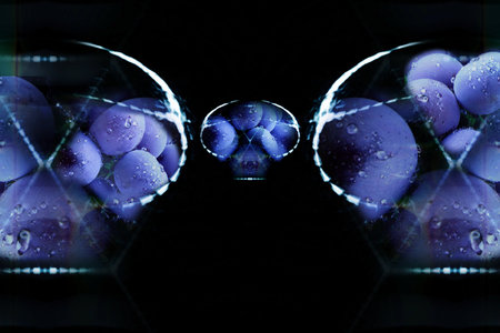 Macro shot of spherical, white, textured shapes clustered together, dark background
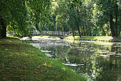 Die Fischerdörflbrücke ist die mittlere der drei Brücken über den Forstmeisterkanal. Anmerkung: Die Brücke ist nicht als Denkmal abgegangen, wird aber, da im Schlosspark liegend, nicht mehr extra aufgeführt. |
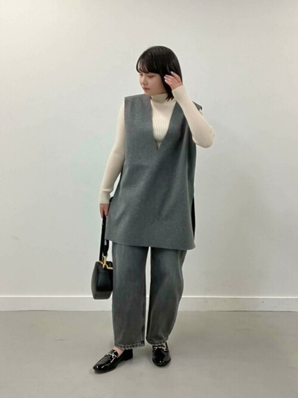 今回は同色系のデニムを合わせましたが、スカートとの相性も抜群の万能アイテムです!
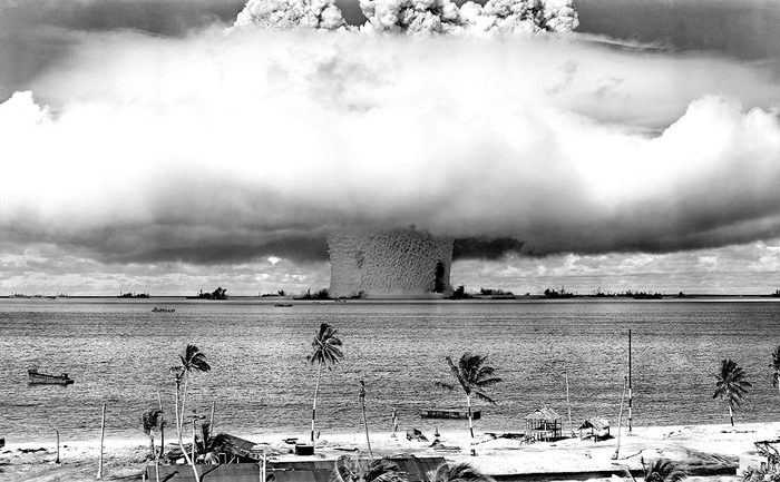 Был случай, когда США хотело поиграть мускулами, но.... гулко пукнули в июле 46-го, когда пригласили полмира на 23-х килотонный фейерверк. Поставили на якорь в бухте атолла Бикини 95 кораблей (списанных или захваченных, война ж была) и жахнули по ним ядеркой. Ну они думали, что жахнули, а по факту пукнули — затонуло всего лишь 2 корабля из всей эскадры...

+ + +

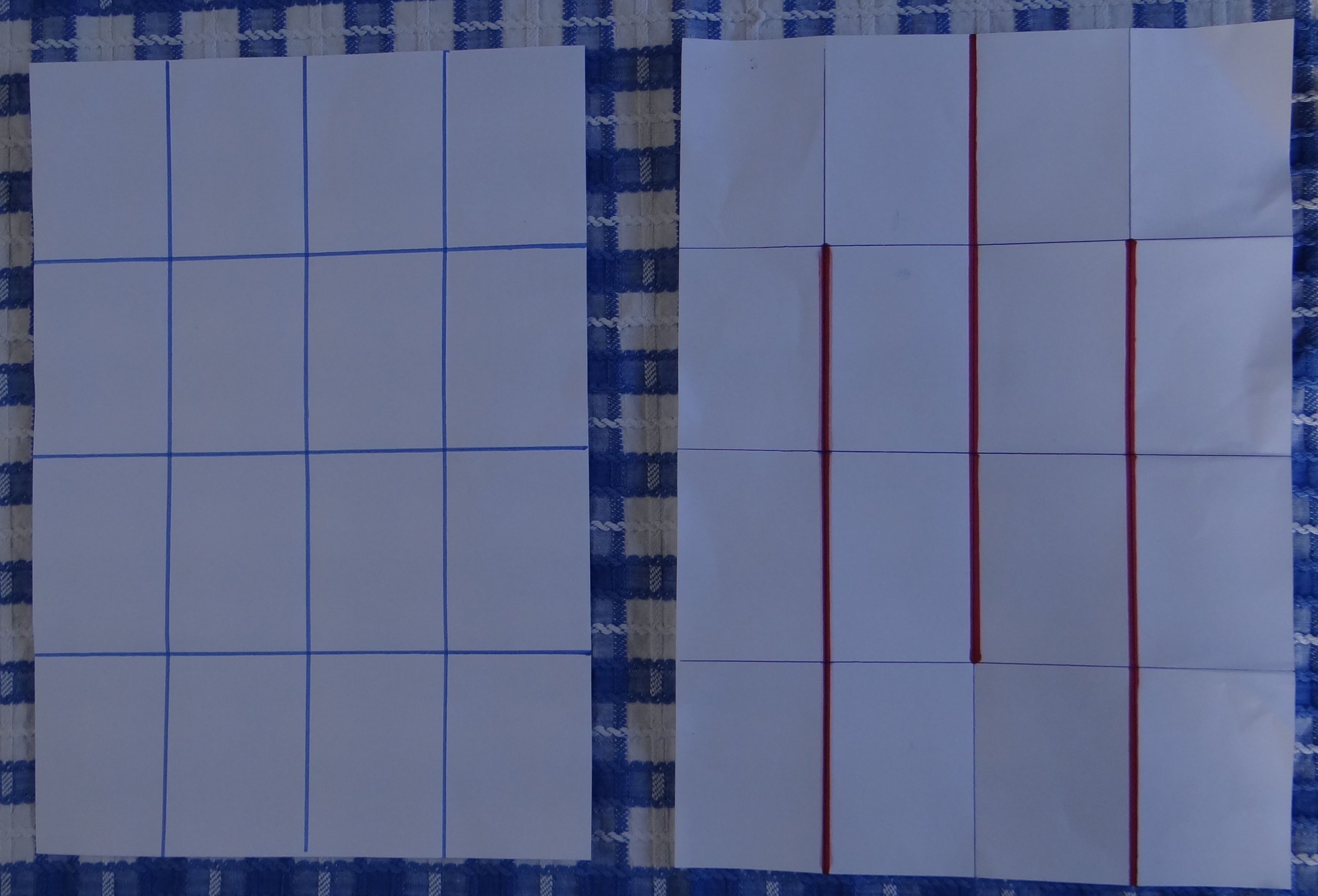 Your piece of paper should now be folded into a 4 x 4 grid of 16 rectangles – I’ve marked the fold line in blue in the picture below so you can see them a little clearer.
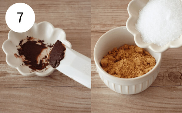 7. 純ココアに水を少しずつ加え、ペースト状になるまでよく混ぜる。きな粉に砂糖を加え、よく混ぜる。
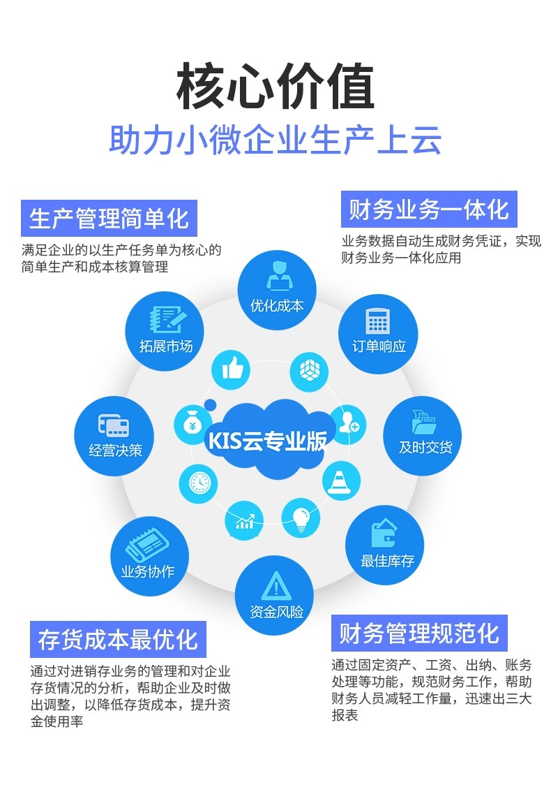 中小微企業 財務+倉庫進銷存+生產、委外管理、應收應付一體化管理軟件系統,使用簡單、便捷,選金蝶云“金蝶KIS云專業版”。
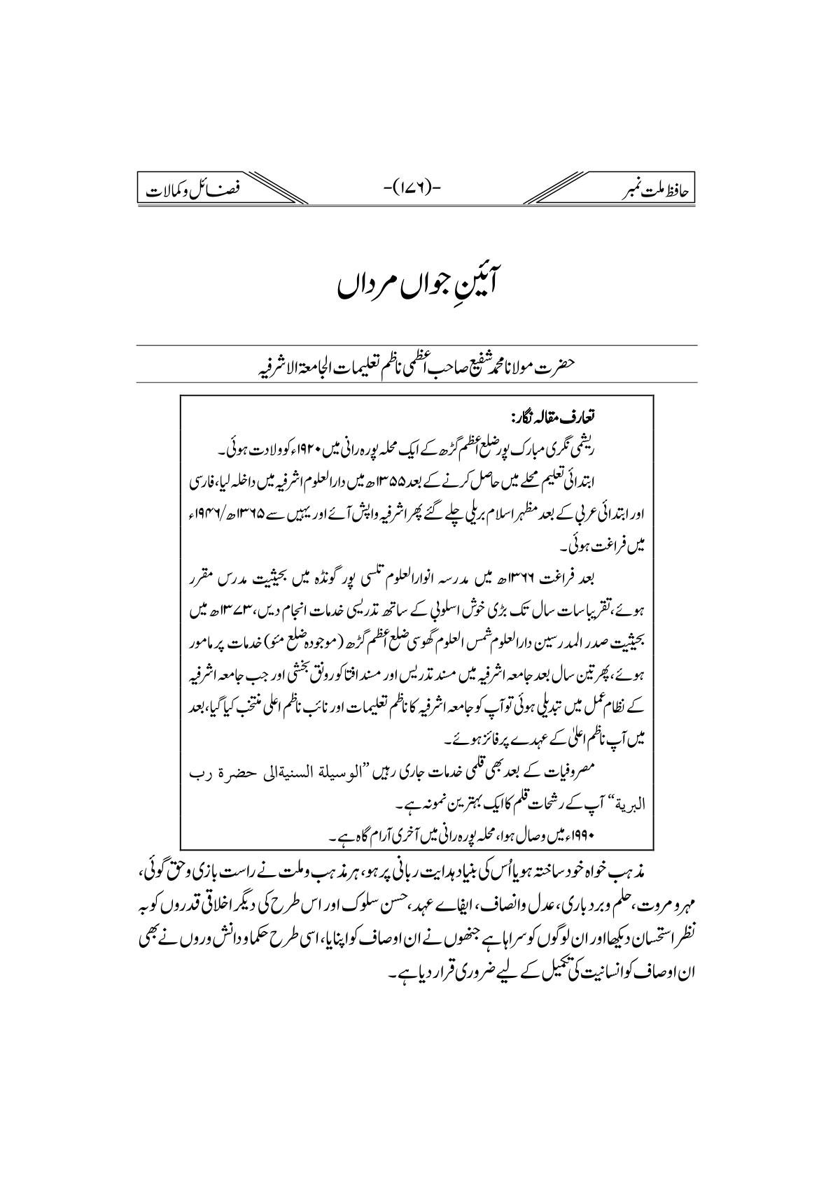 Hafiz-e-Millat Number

+ + +

Assignment = Exactly the lines above, from the one containing "Your piece of" down to the one containing "Hafiz-e-Millat Number", are to be repeated, including both ends. Pictures are not part of the copy.

Reply to the exercise =
 Your piece of paper should now be folded into a 4 x 4 grid of 16 rectangles – I’ve marked the fold line in blue in the picture below so you can see them a little clearer.
 7. 純ココアに水を少しずつ加え、ペースト状になるまでよく混ぜる。きな粉に砂糖を加え、よく混ぜる。
 中小微企業 財務+倉庫進銷存+生產、委外管理、應收應付一體化管理軟件系統,使用簡單、便捷,選金蝶云“金蝶KIS云專業版”。
 Hafiz-e-Millat Number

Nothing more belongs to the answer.